Stored entries:
┌──

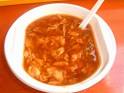 A húst vékony szeletekre vágjuk. Fazékban kevés vizet forralunk, 2 percig elősütjük benne a húst, leszárítjuk szalvétával, félretesszük. A babcsírát 20 percig meleg vízben áztatjuk, majd eltávolítjuk a tövét, s a csírát megszárítva egész vékony szeletekre vágjuk. Az üvegtésztát 5 percre beáztatjuk, megszárítjuk, 12 cm-es darabokra vágjuk, félretesszük. A tojásokat kis edényben 1 kávéskanál szezámolajjal felverjük. Öblös fazékban felforraljuk a húslevest, hozzáadjuk a hússzeleteket, az üvegtésztát, a babcsírát, az ecetet, a fehér borsot és a szójaszószt. 3 percig forraljuk, akkor besűrítjük a vízzel elkevert kukoricaliszttel. Még 2 percig pároljuk, belecsorgatjuk a felvert tojást, és villával vagy pálcikával összetörjük. Hozzáadjuk az újhagymát, a koriandert, a szezámolajat, meg a chiliolajat. forrón tálaljuk.
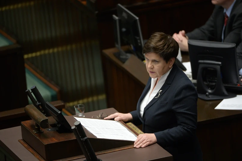 Ławy PiS przyjęły wystąpienie wicepremier oklaskami na stojąco, wznoszono okrzyki "Beata, Beata".
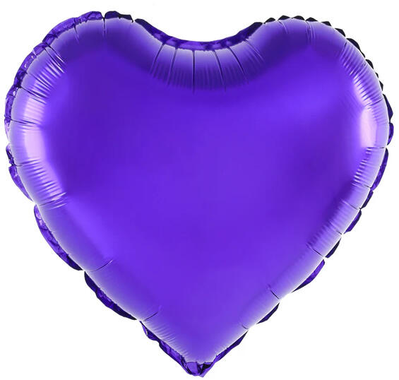 Fólia lufi, szív alak. Színe:sötét lila Mértet: 45 cm. Önzáró szeleppel ellátva, tölthető levegővel vagy héliummal. Egyesével csomagolva.
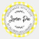 Rustic and simple homemade baked goods apple pie sticker with the text homemade with love, lemon pie and your name in handwritten chic script calligraphy and modern typography on a bright yellow check pattern background with a stylish touch of foliage. Simply add your name and the product name to the label. Exclusively designed for you by Happy Dolphin Studio. If you need any help or matching products, please contact us at happydolphinstudio@outlook.com.
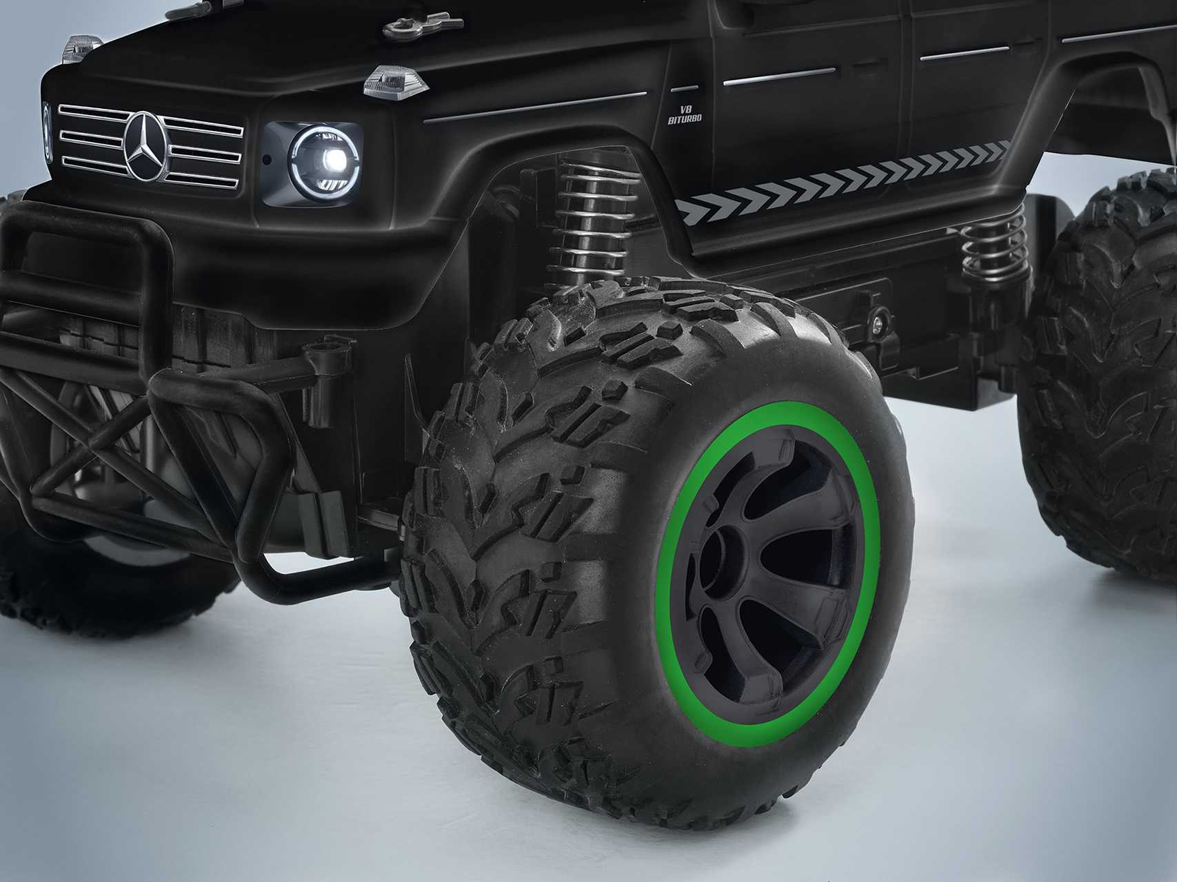 - RC Monster Truck 1:18 s velkými pneumatikami - Kovové převody a Li-Ion baterie - Vhodný pro použití v terénu a odolný proti cákání vody - S licencí Mercedes-Benz
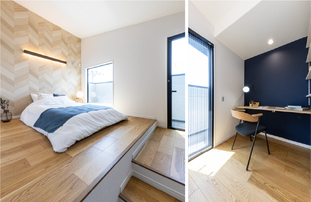 スキップフロアと勾配天井で変化をつけた主寝室は、少し特別感のある、ホテルのような空間に。主寝室内に書斎を設けており、趣味の読書や、ちょっとしたワークスペースとしても利用できます。主寝室は1日の始まりを迎える場所であり、1日の疲れを癒す大切な場所。ただ寝るだけでなく、リラックスしたり、趣味や自分の時間を楽しめる。そんな快適な空間に仕上げました。
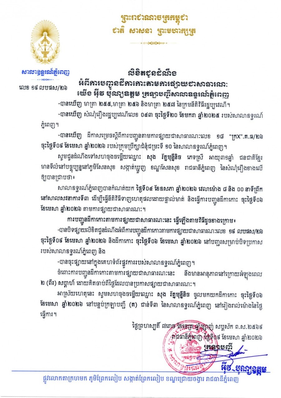 យើង អ៊ីវ បុណ្យឧត្តម ក្រឡាបញ្ជីសាលាឧទ្ធរណ៍ភ្នំពេញ សូមជូនដំណឹងមកឈ្មោះ សុង រ័ត្នមុន្នីនិច ភេទស្រី អាយុ៣១ឆ្នាំ ជនជាតិខ្មែរ មានអាសយដ្ឋានបច្ចុប្បន្នស្ថិតនៅភូមិសែនសុខ សង្កាត់ឃ្មួញ ខណ្ឌសែនសុខ រាជធានីភ្នំពេញ ជាភាគីសហចុងចម្លើយនៃសំណុំរឿងរដ្ឋប្បវេណីលេខ ០៤៣ ចុះថ្ងៃទី២០ ខែមករា ឆ្នាំ២០២៥ ឱ្យបានជ្រាបថា សាលាឧទ្ធរណ៍ភ្នំពេញបានកំណត់យកថ្ងៃទី០៤ ខែឧសភា ឆ្នាំ២០២៦ វេលាម៉ោង ០៨ៈ០០នាទីព្រឹក នៅសាលសវនាការទី៣ ដើម្បីធ្វើនីតិវិធីទាញហេតុផលដោយផ្ទាល់មាត់។
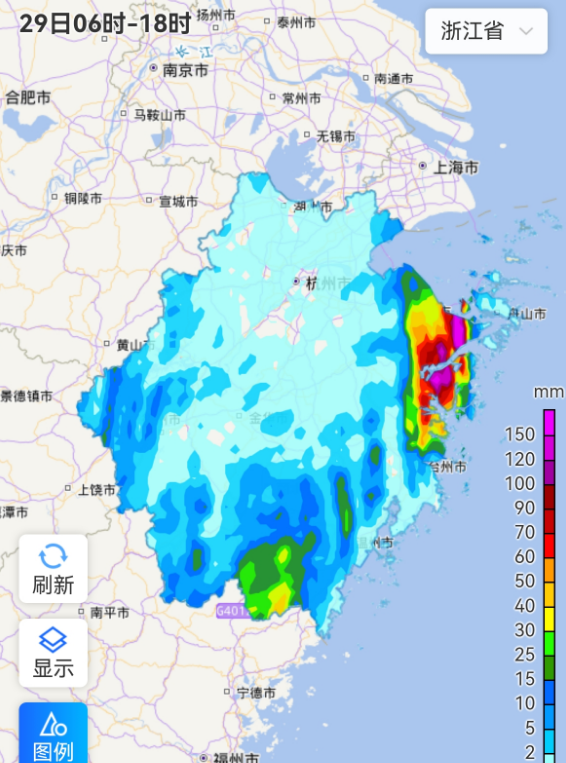 29日,浙江沿海和浙南地区阴有中到大雨,部分暴雨,局部大暴雨。浙北沿海海面有8~9级阵风;沿海地区和高山区也有8-9级阵风,其中个别地区伴有短时10-11级雷暴大风。当日14时至16时,宁波北仑区青林村面雨量达到118.9mm,同时小时雨强最大78.4mm。
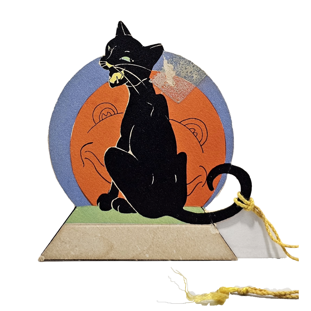 Four (4) Vintage Halloween Tally Cards Rust Craft Black Cats & Owl
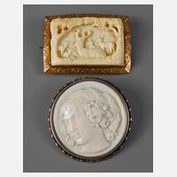 Anfang 20. Jh., 1) Silber gestempelt 800, besetzt mit runder Elfenbeinschnitzerei mit der Darstellung einer jungen Frau mit hochgestecktem blütengeschmückten Haar, auch als Anhänger zu tragen, D 41 mm, 2) Metall vergoldet, mit jagdlicher Elfenbeinschnitzerei, Maße ca. 32 x 46 mm.
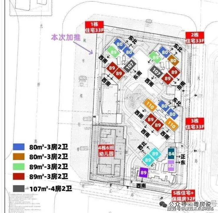 总占地面积约1.43万㎡,总建筑面积约11.49万㎡,计容建筑面积约7.91万㎡,容积率5.4,绿化率35.1%,共由4栋总高32-33F住宅组成,其中1/2/3栋商品房33F,5栋商品房+保障房32F,4栋是1所6班制幼儿园。
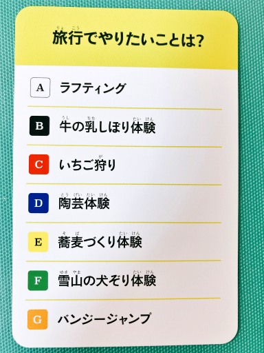 [選択肢]A:ラフティング、B:牛の乳しぼり体験、C:いちご狩り、D:陶芸体験、
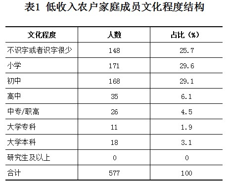 2.低收入家庭成员的文化程度偏低,8成以上文化程度在初中及以下。在低收入农民家庭成员中,文化程度相对较低,高学历人员微乎其微,研究生及以上学历没有。调查显示,不识字或者识字很少的有148人,占25.7%;小学文化程度有171人,占29.6%;初中文化程度有168人,占29.1%;高中文化程度有35人,占6.1%;中专/高职文化程度有26人,占4.5%;大学专科文化程度有11人,占1.9%;大学本科文化程度有18人,占3.1%(见表1)。目前低收入农民家庭成员中,八成以上成员文化程度在初中及以下。

└──

PROBLEM REQUIREMENTS. Set down the records above exactly as written, beginning with the first line and ending with the line that contains "Rustic and simple", and do not include pictures.

SOLUTION FOR THIS PROBLEM.
 A húst vékony szeletekre vágjuk. Fazékban kevés vizet forralunk, 2 percig elősütjük benne a húst, leszárítjuk szalvétával, félretesszük. A babcsírát 20 percig meleg vízben áztatjuk, majd eltávolítjuk a tövét, s a csírát megszárítva egész vékony szeletekre vágjuk. Az üvegtésztát 5 percre beáztatjuk, megszárítjuk, 12 cm-es darabokra vágjuk, félretesszük. A tojásokat kis edényben 1 kávéskanál szezámolajjal felverjük. Öblös fazékban felforraljuk a húslevest, hozzáadjuk a hússzeleteket, az üvegtésztát, a babcsírát, az ecetet, a fehér borsot és a szójaszószt. 3 percig forraljuk, akkor besűrítjük a vízzel elkevert kukoricaliszttel. Még 2 percig pároljuk, belecsorgatjuk a felvert tojást, és villával vagy pálcikával összetörjük. Hozzáadjuk az újhagymát, a koriandert, a szezámolajat, meg a chiliolajat. forrón tálaljuk.
 Ławy PiS przyjęły wystąpienie wicepremier oklaskami na stojąco, wznoszono okrzyki "Beata, Beata".
 Fólia lufi, szív alak. Színe:sötét lila Mértet: 45 cm. Önzáró szeleppel ellátva, tölthető levegővel vagy héliummal. Egyesével csomagolva.
 Rustic and simple homemade baked goods apple pie sticker with the text homemade with love, lemon pie and your name in handwritten chic script calligraphy and modern typography on a bright yellow check pattern background with a stylish touch of foliage. Simply add your name and the product name to the label. Exclusively designed for you by Happy Dolphin Studio. If you need any help or matching products, please contact us at happydolphinstudio@outlook.com.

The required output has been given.